Principle of the conservation of the momentum problem

[mini-mynta]

Homework Statement

In an animated movie a spaceman (m=1,5 kg) stands on the slippery ice on a lake. Then he sees a soda bottle sliding towards him from west with a speed of 3,5 m/s. The spaceman catches the bottle, drinks up the content (m=0,33 kg) and throws away the empty bottle (m=0,2 kg) so that its speed relative to the ice is 3,0 m/s in southern direction. In what direction and with which speed should the spaceman slide after this, according to the laws of physics?

Homework Equations

p=mv
E_k=0,5mv²
F_\mu=\muN=\mumg
W=Fs

The Attempt at a Solution

I've tried to use the principle of the conservation of the momentum.

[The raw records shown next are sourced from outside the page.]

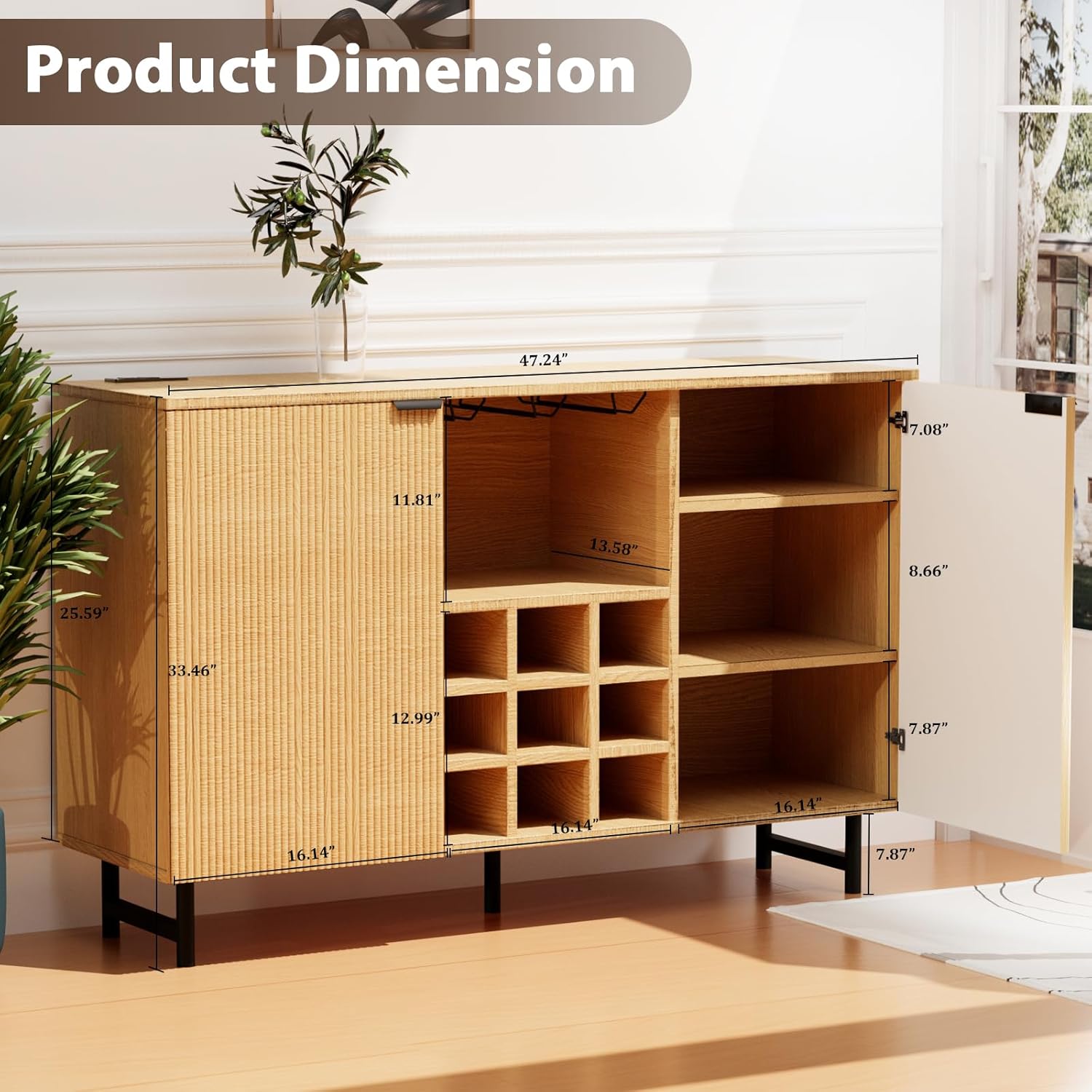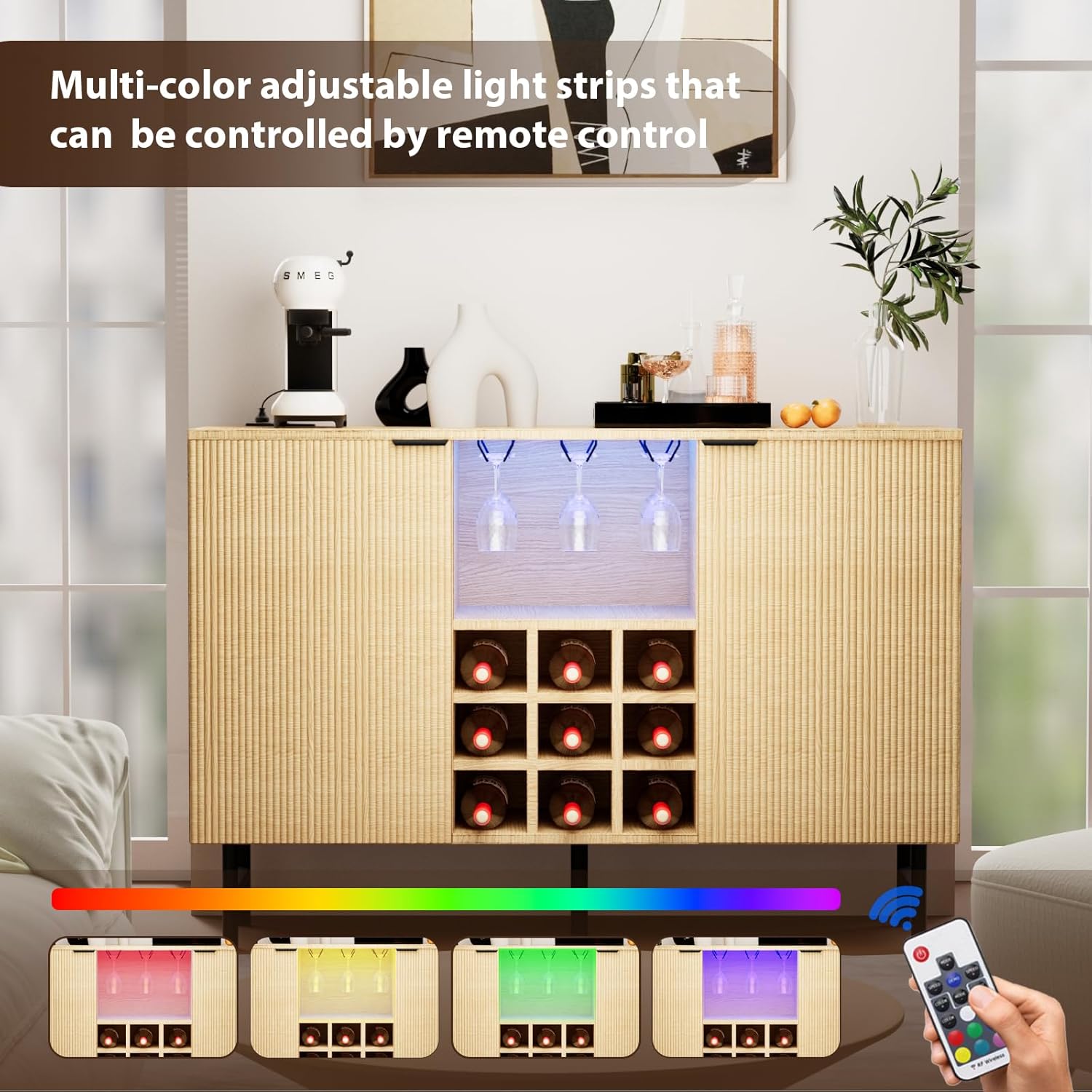 Fluted Wine Bar Cabinet with Power Outlets and LED Lights, Modern Coffee Bar Furniture for Home, Liquor Cabinet with Wine Rack, Sideboard Buffet Cabinet for Kitchen, Wood Grain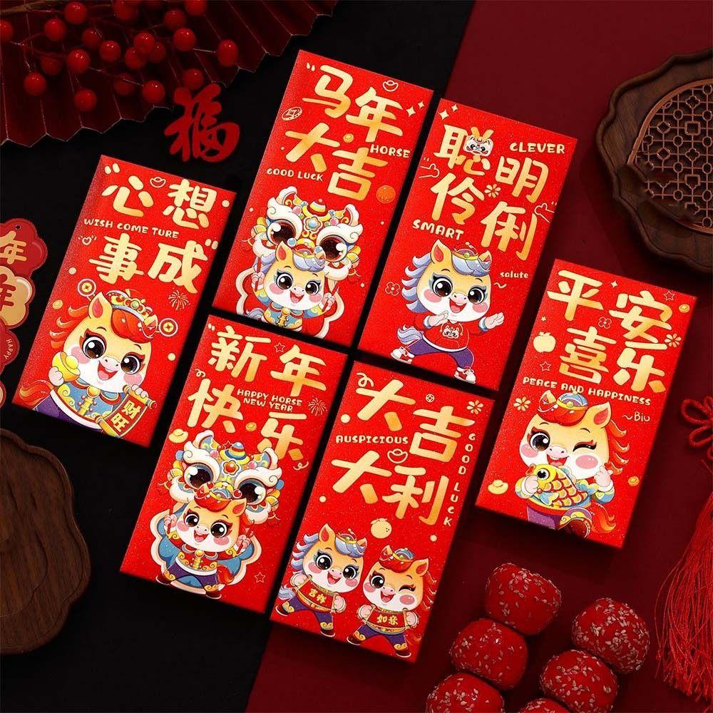6pcs Chinese Horse Year Money Envelope Cartoon Lucky Money Pockets Money Bag Lunar Year Celebration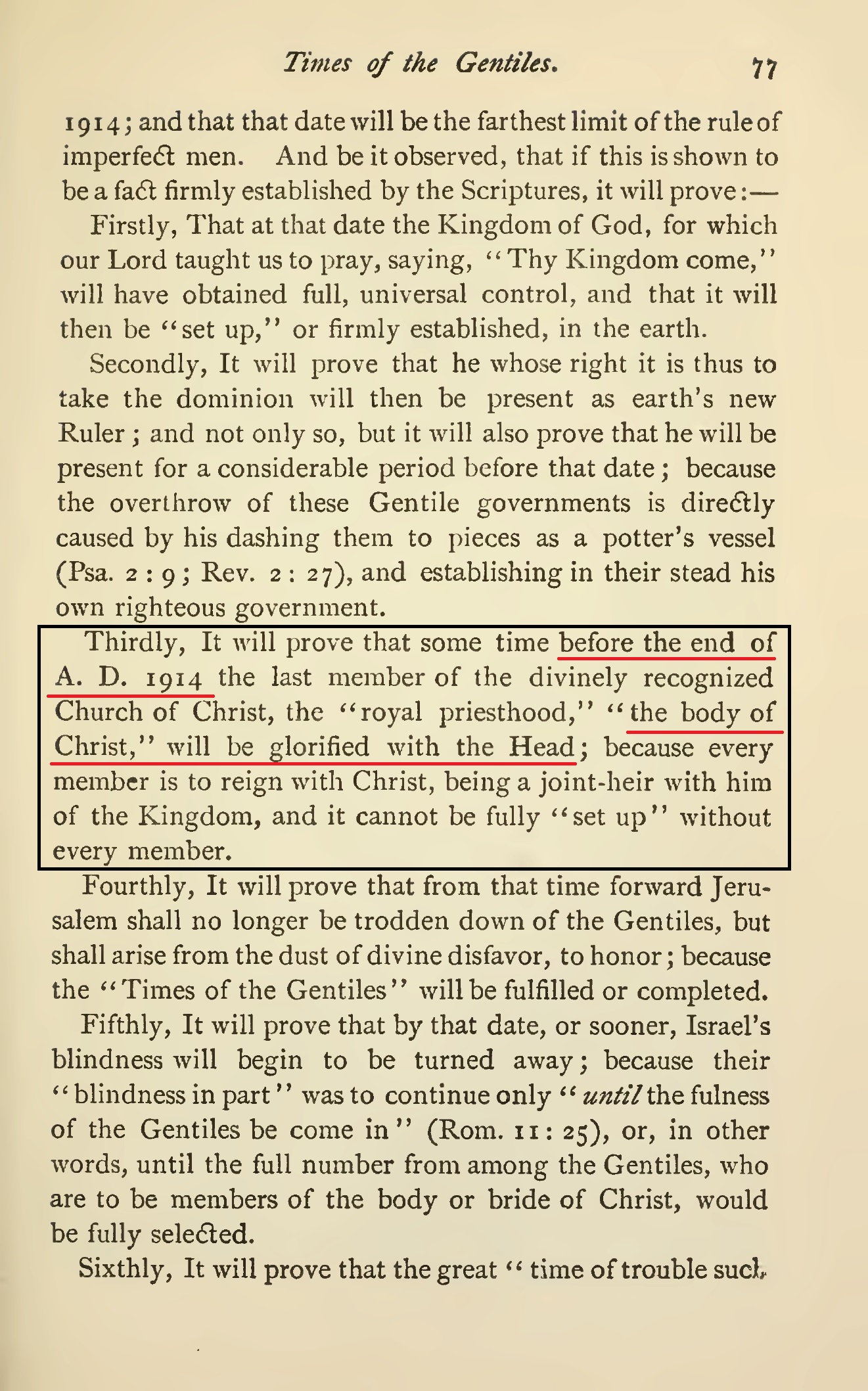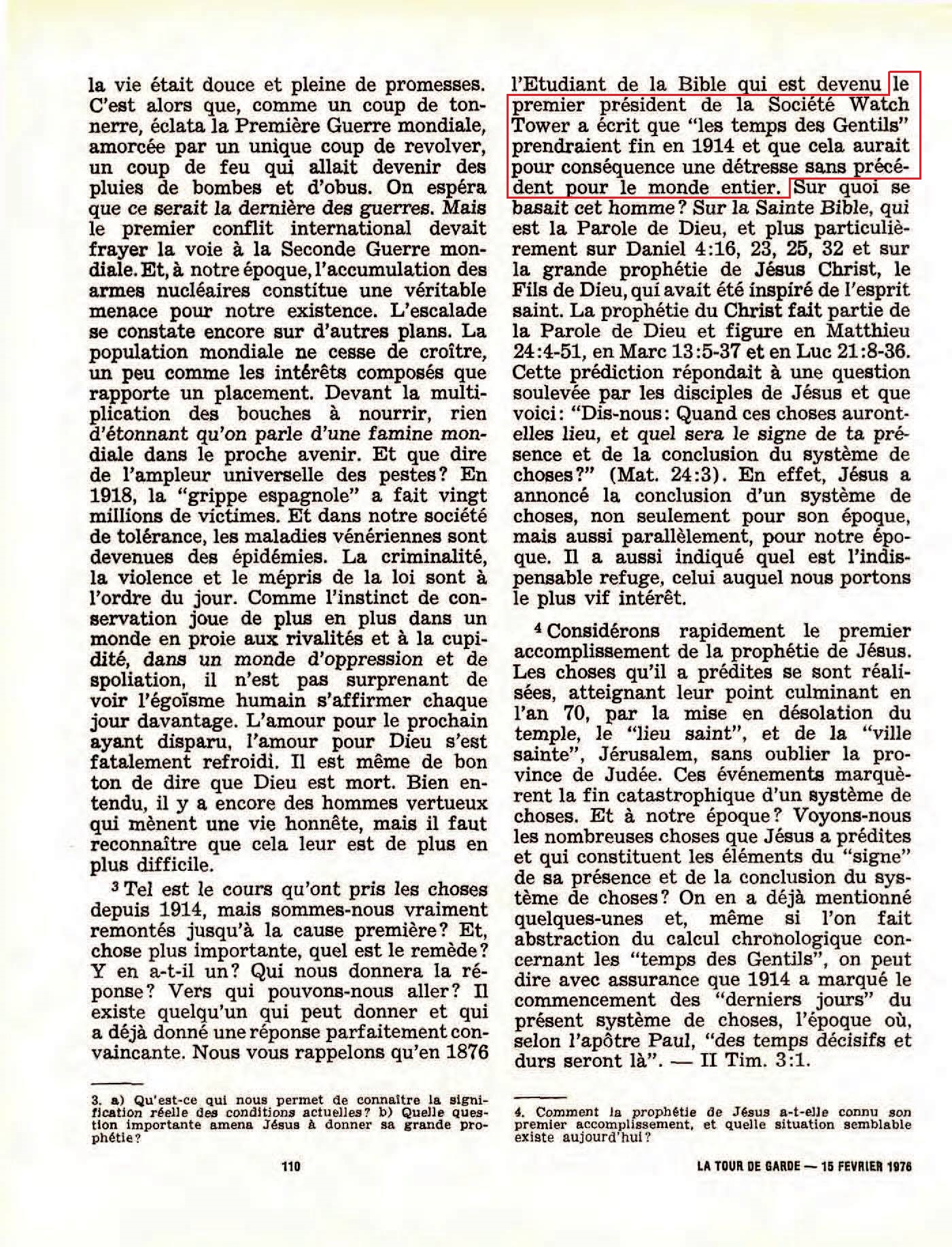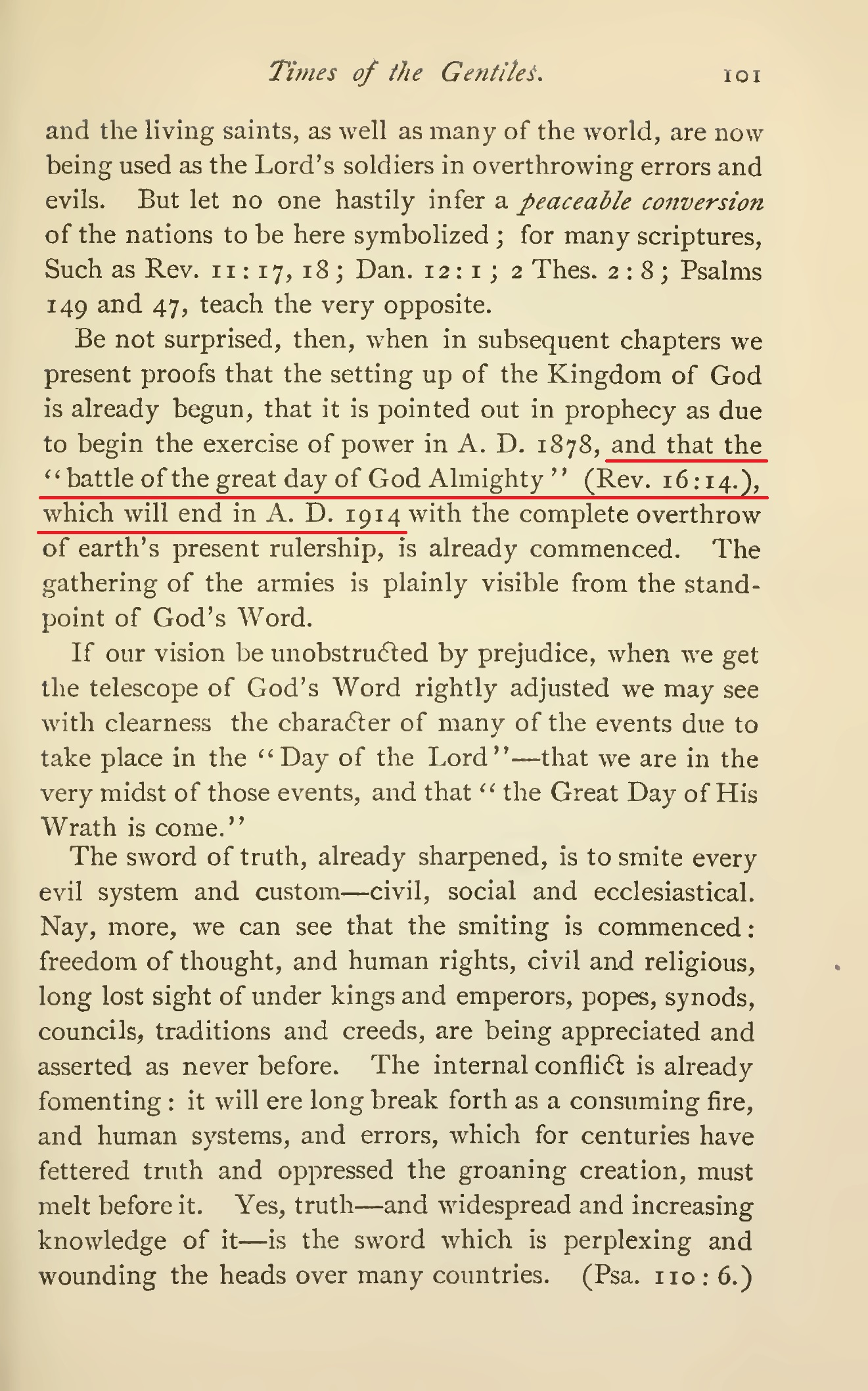 Russell fait plusieurs prophéties concernant 1914, Mais il n'y a aucune prédication de sa part au sujet du début d'une guerre mondiale cette année-là. Au contraire, Russell annonce la fin de la guerre par l'établissement complet du royaume de Dieu sur la terre. Il est bien clair que la SDTJ déforme délibérément les faits historiques à ses fins.

I figured that after the spaceman has picked up the bottle he and the bottle should move on to the east and the momentum should be the same as the bottles was from the beginning: p₁=m₁v₁. Then I could calculate the spaceman's and bottle's combined velocity v₂. Then the friction would eventually stop the movement as the kinetic energy turns into heat according to W=F_\mus, W=E_k in this case. By calculating the length s of which the spaceman slides in each direction it's possible to calculate the angle since the movement forms a right triangle.
The spaceman then throws away the bottle southwards and as the bottle receives a momentum the spaceman should also start moving in the opposite direction. That way the total momentum would still be 0, and I could calculate the spaceman's velocity, and again, using W=F_\mus could calculate s, which now is the length of his northbound movement. This velocity should IMO be the final velocity answer, and using tan\alpha=s₂/s₁ I could calculate the angle of his final position compared to his initial position.

The answer should be:1,1 m/s, 18^o
I got v=0,3 m/s, \alpha=7,3^o

 

[gneill]

There was no friction mentioned in the problem statement. "Slippery ice" is a hint that friction should not need to be taken into account.

 

[mini-mynta]

Thank you, I'll try again then!